Activists protest nukes atop
World’s Fair Globe
Knoxville, Tennessee, May 13— Today, activists
hung 195 feet above theground off of the World’s Fair Globe
with a banner reading “Stop the Bombs!”.
Activists scaled the Worlds Fair Globe (which
was built as a symbol of friendship between the Nations) “in
order to bring to light the (US) Administration’s global hypocrisy
which threatens to unravel the ground work which has been laid
for nuclear disarmament.”
Both Nuclear Weapons “refurbishment” at Y-12 and
the refusal to sign the Comprehensive Test Ban Treaty, the activists
argue, send a clear message to other nuclear states that the
US has every intention of continuing the nuclear arms race into
the next millennium.
“The Y-12 Nuclear Plant’s example of refurbishment
is the equivalent to me taking my beat up old Toyota to the
mechanic and getting a new Porsche in return. It is clearly
not the same car, not the same nuclear weapon,” says Paloma
Galindo.
The United Nation’s Non Proliferation Treaty Review
Conference is still in session for the next three days. Because
of US nuclear policies, the world may lose an important opportunity
to move towards disarmament. Even US allies are upset.

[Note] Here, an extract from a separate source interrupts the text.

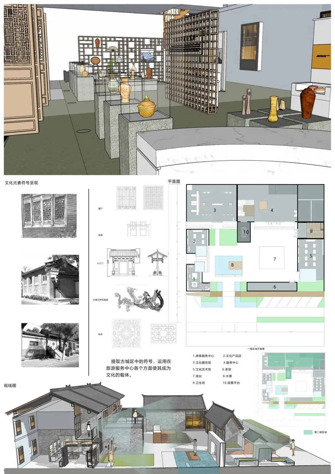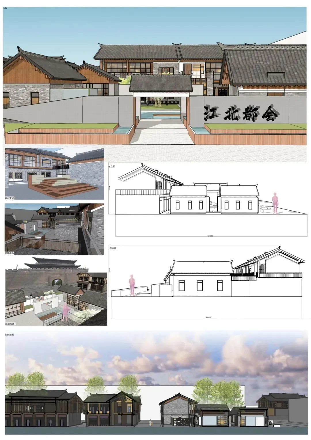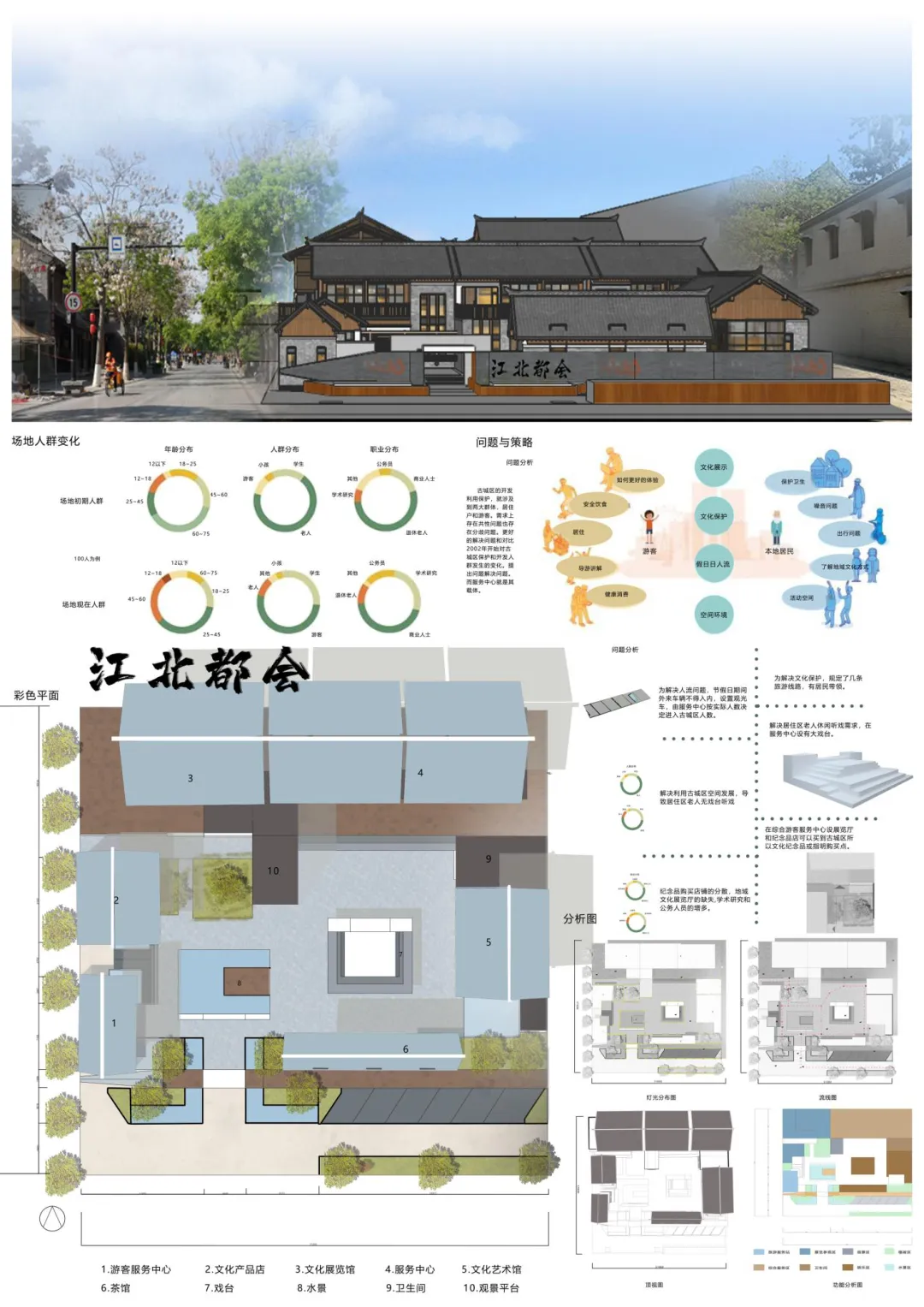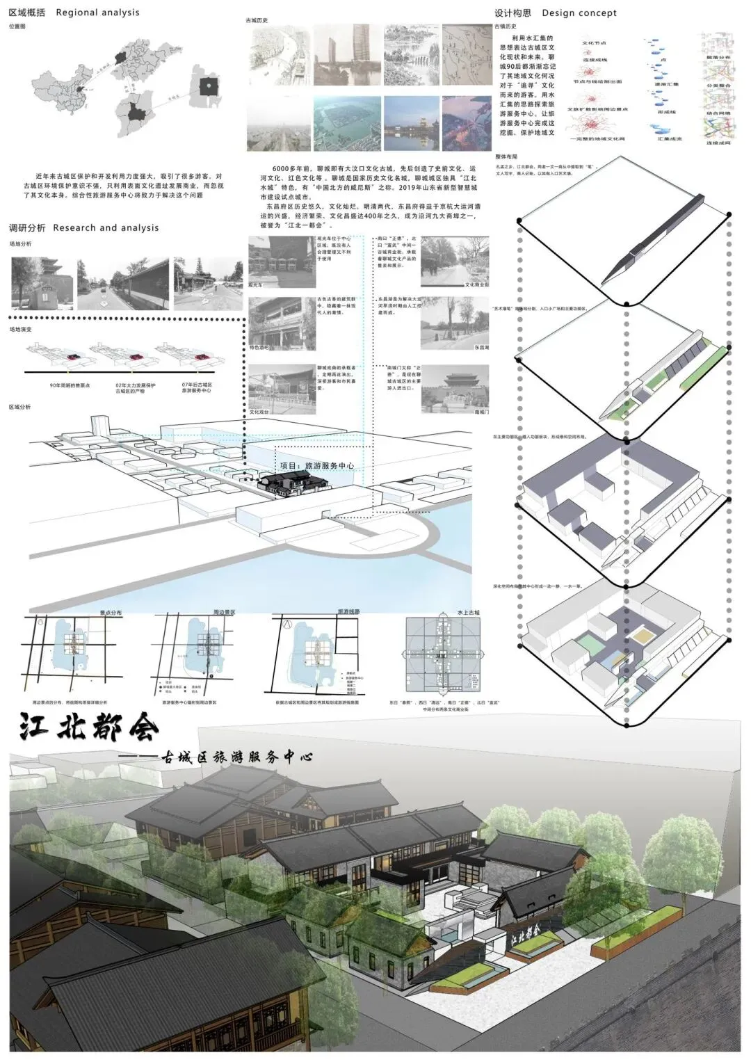 “江北都会”项目在山东聊城古城区,一座四周被湖水围合的水上古城。从2002年古城区大力保护文化传承发展旅游业和特色古城商业街。这里是大运河的重要节点因而曾经非常繁荣。但是现在运河的停运社会的发展,这座古城也不在受人关注。其文化也在快速发展经济阶段遭到严重破坏,近年来聊城人加大保护力度,以古城文化为第一原则的发展商业,形成特色的古城商业街。但也因为旅游业的发展出现了很多问题。使得古城区的文化保护工作一直停滞不前。本次设计就是建设一综合旅游服务中心为古城区商业发展而服务。设计重点主要功能区分为景观节点、旅游服务站、文化销售区、展览区、戏台区、茶馆区、服务综合区、民宿区、卫生间。主入口在南边,也可通过西侧的景观区进去,整体空间布局采用层层递进方式,俯视其建筑所在位置组合成一个“河”字寓意聊城从古至今、从繁荣到衰退都深受大运河影响,也希望现在以运河文化而发展新型商业体恢复往日景象。

Chris Irwin and Dane Kuppinger from Katuah Earth
First! said that they are prepared to stay up for the remainder
of the NPT review conference.
“Our species has to outgrow the suicidal course
of nuclear weapons,” says Chris Irwin, a sixth generation Knoxvillian.
“Nuclear weapons work at Y-12 poisons the ground
we live on, endangers worker and community health, and undermines
world peace. We must Stop the Bombs!” says Asheville resident
Dane Kuppinger.
Katuah Earth First! is a nonviolent direct action
movement committed to defending the Earth.